__Your goal__
Find the lines in the material below that include the word "werd", count them, and give that count alone.

┌─ Extracted records

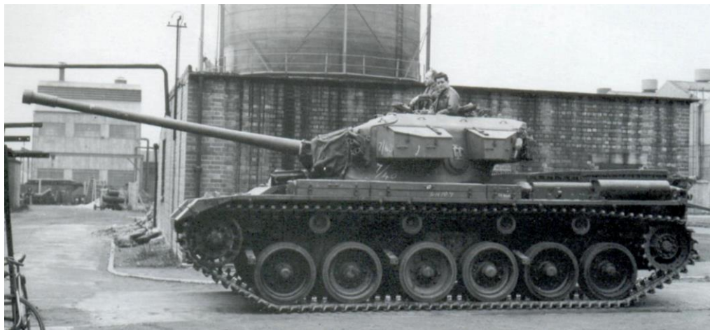
Afb. 03: Elke geproduceerde gevechtstank werd voor de aflevering onderworpen aan een testrit.

De bevindingen van beproeving werden op 22 augustus 1945 tijdens de 22ste vergadering van de Adviescommissie van DRAC besproken. Aangezien het beproevingsrapport geen punten van grote kritieken kenden, werd een productieadvies gegeven voor de levering van 800 gevechtstanks Centurion. Van het type A41* ook wel gevechtstank Centurion Mark I [later gewijzigd in Mk 1], FV 4007 werden er honderd geleverd. De A41* was bewapend met de 17-pounder vuurmond met coaxiaal gemonteerd een 7,92-mm Besa mitrailleur. De resterende 700 gevechtstanks waren van het type A41A ook wel de gevechtstank Centurion Mark II [later gewijzigd in Mk 2]. De eerste 100 gevechtstanks Centurion Mk II diende evenals de Mk I bewapend te worden met de 17-pounder vuurmond. De overige gevechtstanks dienden met een meer recentere vuurmond te
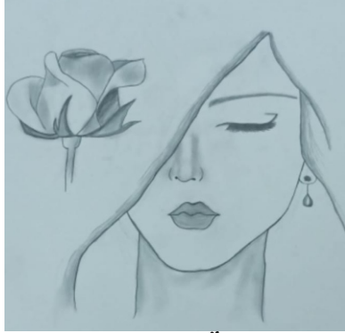
Ayfer Büşra KÖSE [7-A]
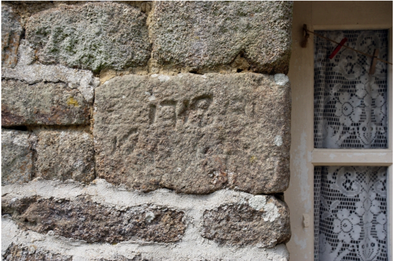
Le moulin à farine sur le ruisseau, élévation sud de la partie moulin : date portée sur le jambage de la porte d'entrée.
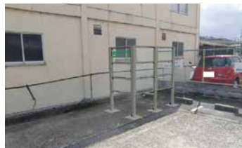
◀▲JR 畠田駅近くに、看板と喫煙場所を設置しました。皆さまのご協力をお願いします。
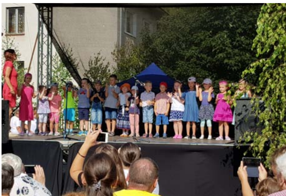
Vystúpenie deti MŠ
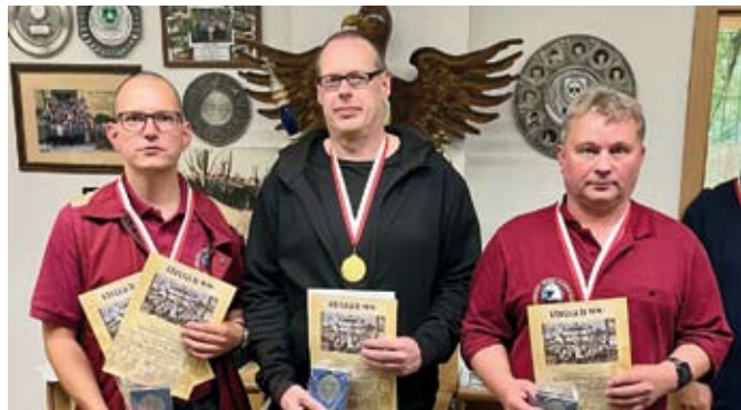
Thüringer Landesmeisterschaft am 1. Juni 2024
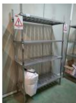
Referencia: AGL-019 ESTANTERIA INOX Año: . Marca: .
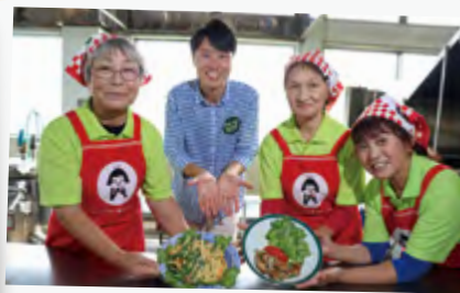
# ジャンボいんげんのカレーマヨサラダと豚肉ロール # 豆類部会女性部

いづらくん活動の舞台裏や地域みなさまとの交流などオフショット写真を公開していくよ！！
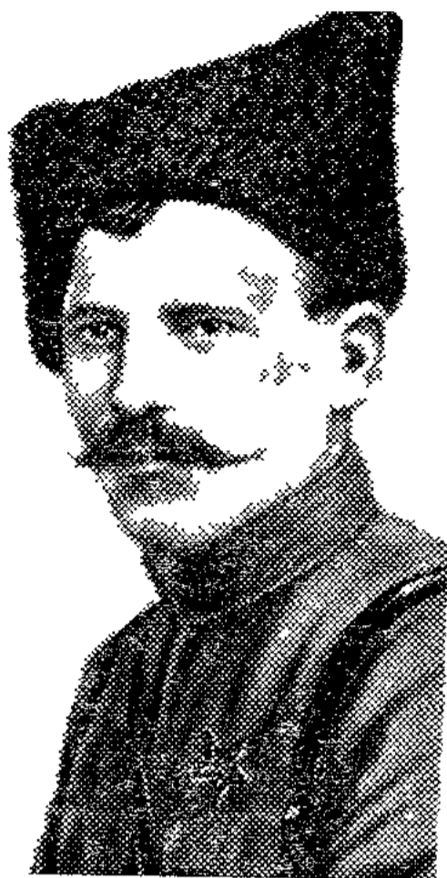
В. И. Чапаев

Совет өкіметі жолындағы күрес Орал қаласына қарағанда Гурьев пен Доссорда біркелкі ұйымшылдықпен өтті, бірақ мұнда да жағдай ауыр болды. 1917 жылдың октябрінде-ақ Орал-Каспий мұнай қоғамы кәсіпшіліктерінде жұмысшылар өндіріс пен бөліске бақылау орнатып, іс жүзінде кәсіпшіліктің қожалары болды. Жұмысшылар буржуазияның мүддесін қорғайтын мастерлер мен басқа да лауазым иелерін қызметтерінен босатты. Бұл жағдай кәсіпкерлердің бәрін дереу жұмысшылармен коллективтік договор жасауына мәжбүр етті 2 . Жұмысшылар Советтер, заводтық және стачкалық комитеттер арқылы мұнай кәсіпшілігі иелеріне өздерінің экономикалық және басқа талаптарын ұсынып отырды. Орал-Каспий мұнай қоғамының басқармасы азық-түлік қорлары жеткіліксіз деген желеумен барлық кәсіпшіліктерде мұнай шығару жұмыстарын тоқтату ниетін көздеді. Жұмысшыларды жаппай жұмыстан шығару қаупі төнді. Жұмысшылар мұнай кәсіпшілік иелерінің бұл зұлымдық айналына наразылық білдіріп, өз мүдделерін 3 қорғау үшін Петроградқа өкілдер жіберді. Гурьев атқару комитеті мұнай кәсіпшілігі жұмысшыларының әділетті талаптарын мақұл-
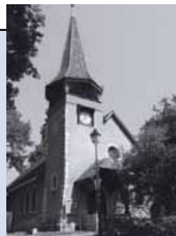
Chapelle des Crêts au Grand-Saconnex Ch. des Crêts-de-Pregny 11
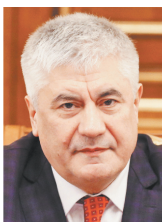
Владимир Александрович Колокольцев Министр внутренних дел РФ
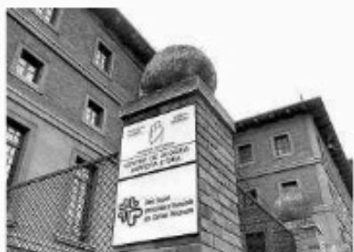
Contacto de las Unidades, primera sede de la fundación en Pamplona.
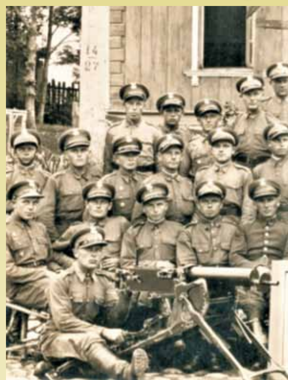
Kawaleria ze swoim ciężkim karabinem maszynowym

Leibstandarte SS Adolf Hitler liczył łącznie 3700 żołnierzy, kilkanaście ciężkich samochodów pancernych, artylerię, karabiny maszynowe oraz wyspecjalizowane pododdziały saperów, łączności i rozpoznania. Jego
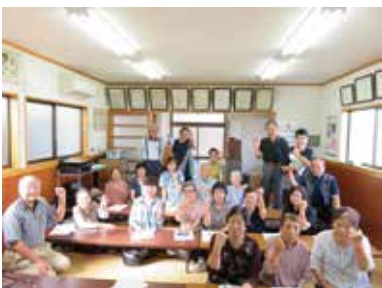
認知症サポーター養成講座 9/29（木） 東自治会
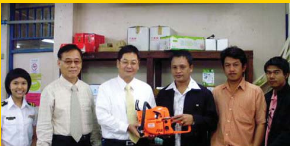
สำนักงานเทศบาลตำบลสุนทรภู์
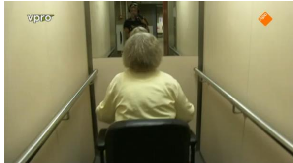
Afbeelding 29: Aflevering 2 (21.47)/s44 – Lift

ouderen moeten de lift nemen aangezien zij geen trap meer kunnen lopen. De beelden leggen de nadruk op de fysieke zwakheid van de ouderen. Er wordt hier een eigenschap op alle ouderen geplakt die lang niet voor alle ouderen hoeft te gelden.
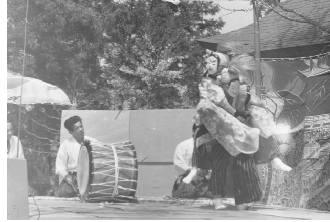
3 白浜神楽「屋嶋合戦」
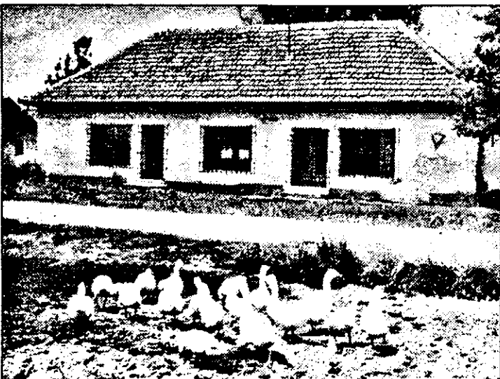
După desfiinţarea magazinului alimentară, în urmă cu doi ani, sătenii Cuveşdiei sunt nevoiţi să meargă „pe sate” după cele necesare.
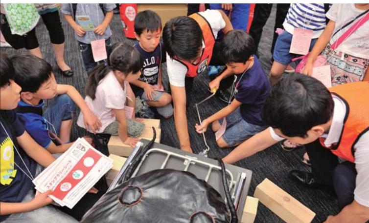
NPO法人プラス・アーツと協働した「体験型防災ワークショップ」 上: 応急手当ワークショップ 下: ジャッキアップゲーム
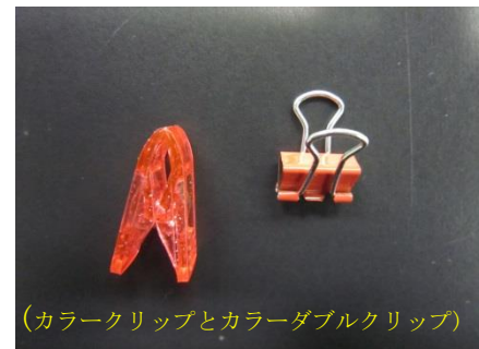
(カラークリップとカラーダブルクリップ)

また、カラークリップでかざりをつけていくので、つける位置の移動が容易にできます。
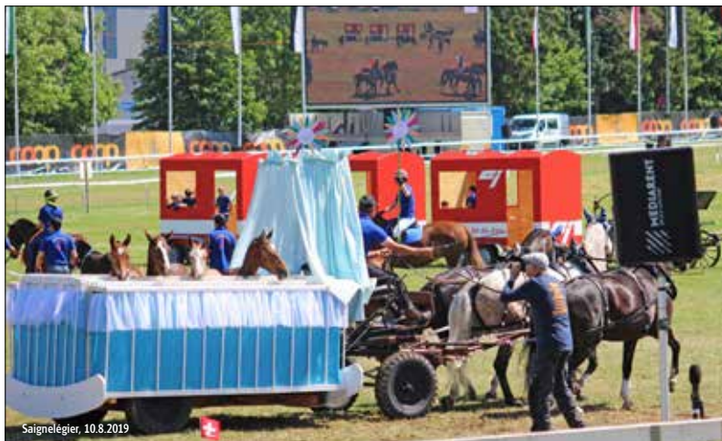
Malgré le spectacle né de la collaboration entre les deux syndicats chevalins du district (ici le berceau de la race), l'heure n'est surtout pas à la fusion.
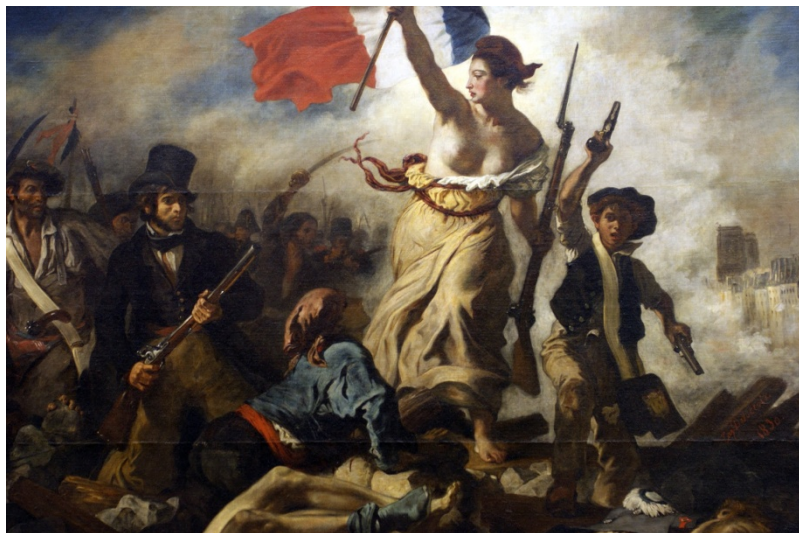
La Liberté guidant le peuple – Eugène Delacroix – 1830 – Musée du Louvre - Paris
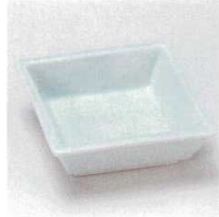
15015-439 青白狭口角鉢 1,000円 120入 (11×3.5cm)
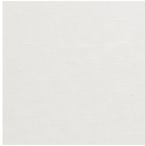
LY Blanc 01 Druck-Trägergewebe
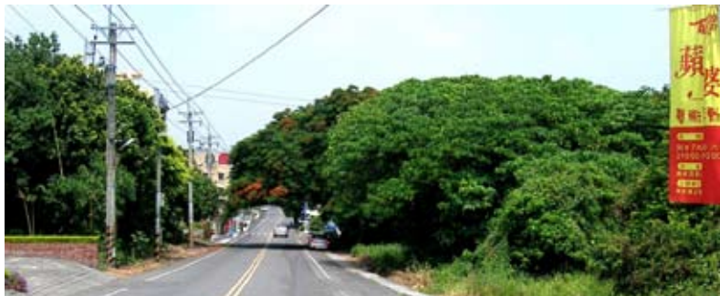
◆員水路向東直抵百果山，兩旁蜜餞廠密佈。

走踏傳說中的林厝遺址，阿都喜憂參半，喜的是台灣古文化之寶座落員林，憂的是開發腳步破壞古文物，忽視遺址維護工作。冥想遠古時代，幾萬年前，這塊原始山林形成久遠，三千七百年前，此地已有人的生活痕跡，雖沒有文字發現，卻但想像原始林生活已有聚落、互動生活方式、狩獵、刀器，甚至有美的飾品和陶器文化。再深度冥想，林厝遺址是否發生不可抗拒災變？原始人要如何求生存？不知道林厝遺址周邊，到底深埋多少史前秘密？亦或是更多不為人知的可能？諸多無限可能存在，讓林厝遺址文化寶藏，宛如臺灣寶鑽，將會是臺灣在世界舞台放光芒的文化重點之一，是我們戮力守護珍貴的文化資產啊！
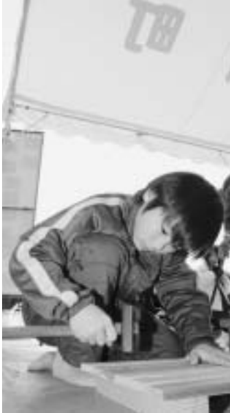
すのこ作りに挑戦

└─

__Solution to the problem__
2